I refer to the misogynistic snotiness of artists like O’Keeffe, or the feminists of the 1970s: the idea that they are all obsessed with their private parts. There is this idea (parental, in my opinion) that good artists have to go through the body, so I wonder if they felt pressured to keep it too tight, or “outside the press” as they say. “When people, especially male collectors, start to feel comfortable with my photography, I can talk freely about what influences my style or what inspires me,” he says. “When I started to show, I didn’t talk about the work, some of the ones in the London show, inspired by the miscarriage I had.” But over the years, especially with the help of female curators, putting me in museum exhibitions, I have been able to emphasize that original inspiration.”

The tension between fantasy and symbolism is something Hollowell struggles with. How to “combine” the two, especially when “abstraction sells”? “With the art market being what it is, we get pigeonholed into this one thing and it’s hard to let go,” he says. In addition to his pastel paintings, which apparently represent the genitals and breasts and have interesting titles such as Happy Vagina, Boob Wheel, and The Let Down, Hollowell also makes body casts and collaborates on other pictures with his children. These works might not be taken seriously, but I am hopeful that the barrier that has been created between the body and what Hollowell is hitting on his head can be removed.

‘What a wonderful time!’ … Briefly How Blue Has a Little Yellow Mandorla, 2025. Photo: Melissa Goodwin/© Loie Hollowell, courtesy of Pace Gallery

Isn’t all art made of bodies, anyway? She said: “When I thought about creating things in the past, I was very scared. “I think about sex all the time, and (now) I don’t think about sex anymore,” she says, referring to the less studied role of hormones in creating art. Now it’s perimenopause, that’s the transition of the body.

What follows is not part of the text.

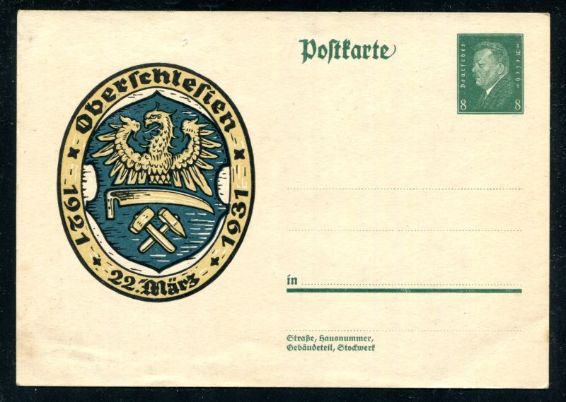P 190 Ganzsache, Postkarte. Oberschlesien, ungebraucht. Nr. 9000

“I feel in control, in a way I’ve never felt before, and it’s very exciting. The art is going to change again. The artists I love grew so much in their 50s and 60s, and I can see why.”

We’re talking about the visual style of Bourgeois’s practice, how she refused to be confused by a single definition of what it means to be an artist. Fortunately, times continue to change. “I don’t know if I would have been able to do this 20 years ago,” Hollowell said.